I am not a therapist but am currently seeing one. You are human. You need help. You can over-come this over a great period of time like I myself am trying to do. You can continue your work while receiving the help you need. You know and understand your problem. Having DID should have no impact on your work, as you will be working with the part of yourself concerning your job. I do this myself. I keep myself in my job mode and make out just fine.
My therapist has mentioned to me he has ADD. He did not need to tell me this, but made me think he understands and I know he is also human. He did tell me a few other things about himself which made me confide in him even more because he was being very honest and open with me. I know there are many therapists who mention nothing about themselves (which is their business) but with him revealing a little about his personal life I understand the obstacles he had to overcome.

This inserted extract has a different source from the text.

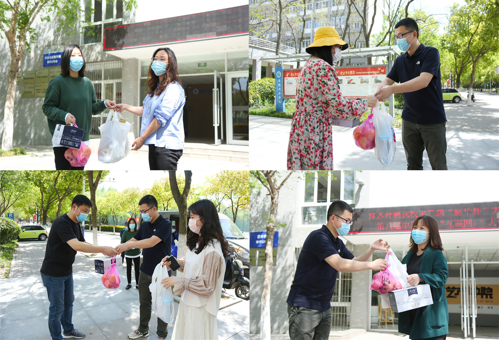 本网讯(通讯员:翟漱文)今年春季开学返校起,beat365官网开始有序开展疫情防控工作。在这个特殊时期,全体教职工第一时间转入战“疫”模式,专人专岗、昼夜坚守,始终奋战在防控疫情最前线。校领导多次带队实地检查指导,看望慰问一线工作人员,一幕幕暖心画面在校园里上演。4月8日下午,奋战在防疫一线的工作人员收到了学校送来的爱心礼包。
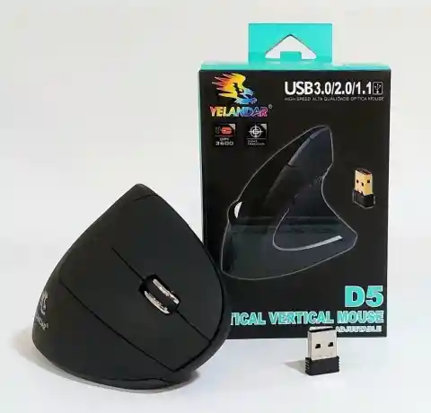 MOUSE VERTICAL INALAMBRICO 3600DPI 6 BOTONES YELANDAR Mouse vertical inalámbrico 3D de seis botones, con un revolucionario diseño ergonómico para óptima comodidad. Una postura neutra vertical alivia la tensión en la muñeca y la palma de la mano de usuarios diestros. La tecnología de 2.4GHz ofrece plena libertad inalámbrica con un alcance eficaz de 10m Elaborado con materiales de calidad, el mouse cuenta con un recubrimiento de goma para un mejor control y sujeción del dispositivo. Compartimiento integrado para guardar el receptor USB evita que se dañe o pierda Interruptor de conexión incorporado Necesita 2 Pilas triple AAA NO INCLUIDAS

I trust my therapist completely. This is not to suggest in any way you should reveal yourself to your clients (as some may not understand) but getting the help you need can be a huge asset. Down the line, you may want to study DID and the treatment for it. You can be a benefit for others with DID. Did you know there are not many therapists who deal with this disorder? Been there, done that can be beneficial for others who need to deal with DID.
My therapist studied DID and attended many workshops to learn. He has told me most therapists deal with separate parts to help them to integrate. He believes this helps the client to feel better but not actually get them better. He treats his clients as one, since they are such. He says there is no hard scientific proof as to which method is best.
I am currently in college and last semester took General Psychology and learned how scientific/mental solutions need to work together. I am hoping in the near future, someone, somewhere will study DID more extensively in the scientific field along with the mental field to weld something together.
Anyway, keep going as you are and continue to receive the help you need. Never be ashamed you need help. Remember you are human, not God. This WILL make you a better therapist in the long run. Really!